Problem requirements:
Set the data down exactly as it stands, and keep its pictures out.

The data:

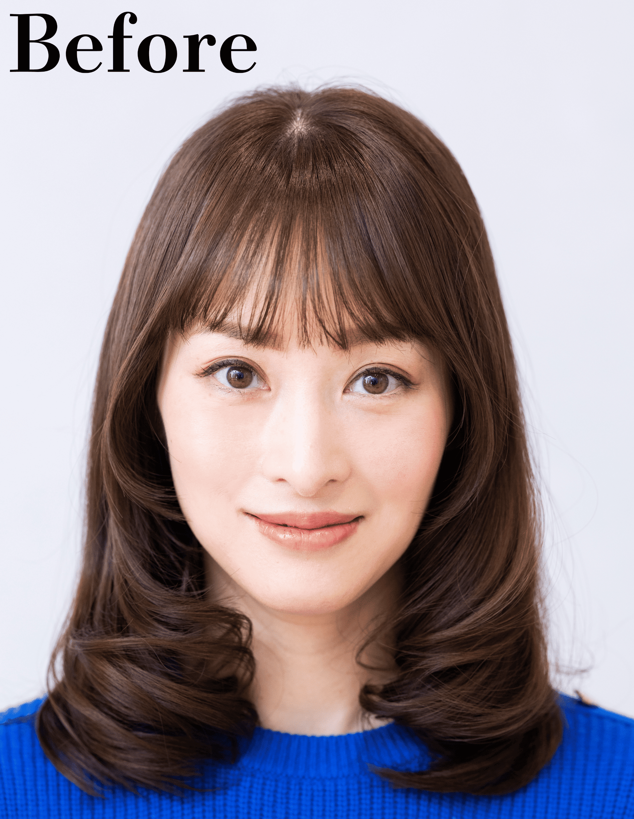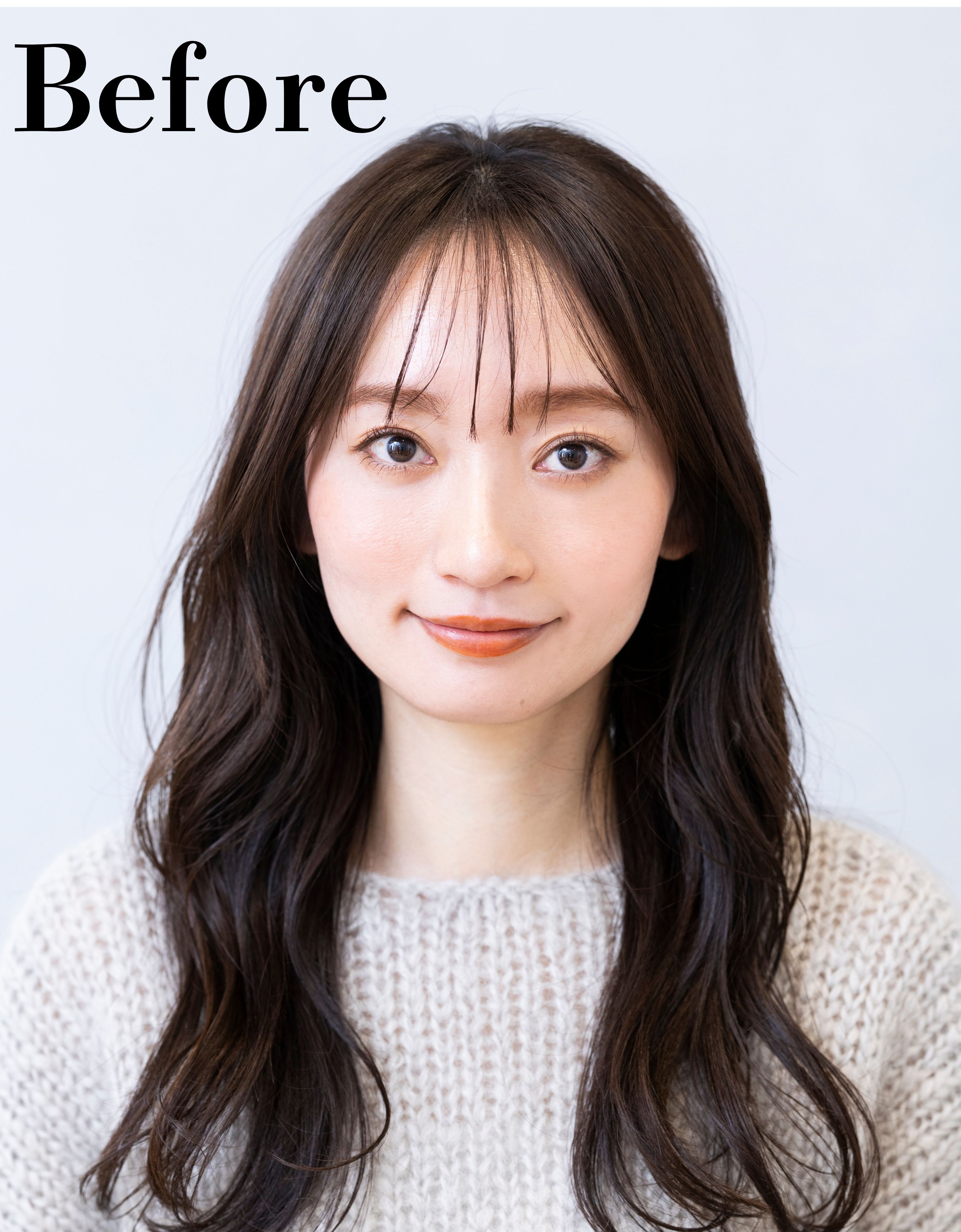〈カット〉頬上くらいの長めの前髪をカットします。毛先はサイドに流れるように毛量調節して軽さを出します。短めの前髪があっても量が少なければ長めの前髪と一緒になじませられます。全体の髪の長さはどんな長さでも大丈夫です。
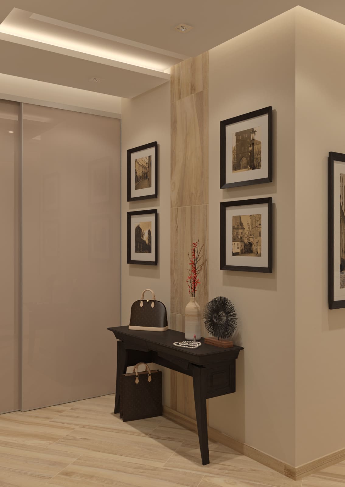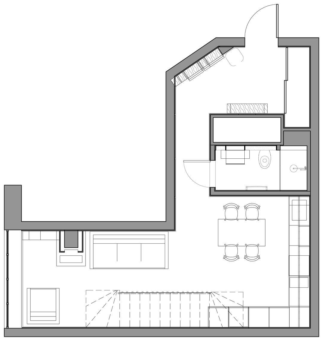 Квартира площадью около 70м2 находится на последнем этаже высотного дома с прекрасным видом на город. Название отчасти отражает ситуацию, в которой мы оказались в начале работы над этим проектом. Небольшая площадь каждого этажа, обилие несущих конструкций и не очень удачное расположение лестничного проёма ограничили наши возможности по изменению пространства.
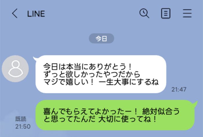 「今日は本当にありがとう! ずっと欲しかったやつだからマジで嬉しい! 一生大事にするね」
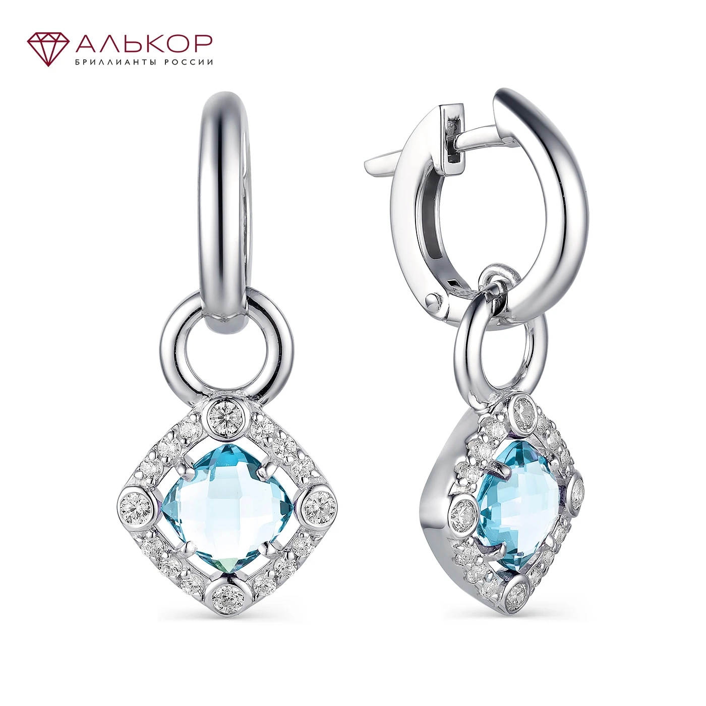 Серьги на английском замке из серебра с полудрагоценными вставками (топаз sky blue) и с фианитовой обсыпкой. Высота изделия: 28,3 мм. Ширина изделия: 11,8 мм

Exercise solution:
〈カット〉頬上くらいの長めの前髪をカットします。毛先はサイドに流れるように毛量調節して軽さを出します。短めの前髪があっても量が少なければ長めの前髪と一緒になじませられます。全体の髪の長さはどんな長さでも大丈夫です。
 Квартира площадью около 70м2 находится на последнем этаже высотного дома с прекрасным видом на город. Название отчасти отражает ситуацию, в которой мы оказались в начале работы над этим проектом. Небольшая площадь каждого этажа, обилие несущих конструкций и не очень удачное расположение лестничного проёма ограничили наши возможности по изменению пространства.
 「今日は本当にありがとう! ずっと欲しかったやつだからマジで嬉しい! 一生大事にするね」
 Серьги на английском замке из серебра с полудрагоценными вставками (топаз sky blue) и с фианитовой обсыпкой. Высота изделия: 28,3 мм. Ширина изделия: 11,8 мм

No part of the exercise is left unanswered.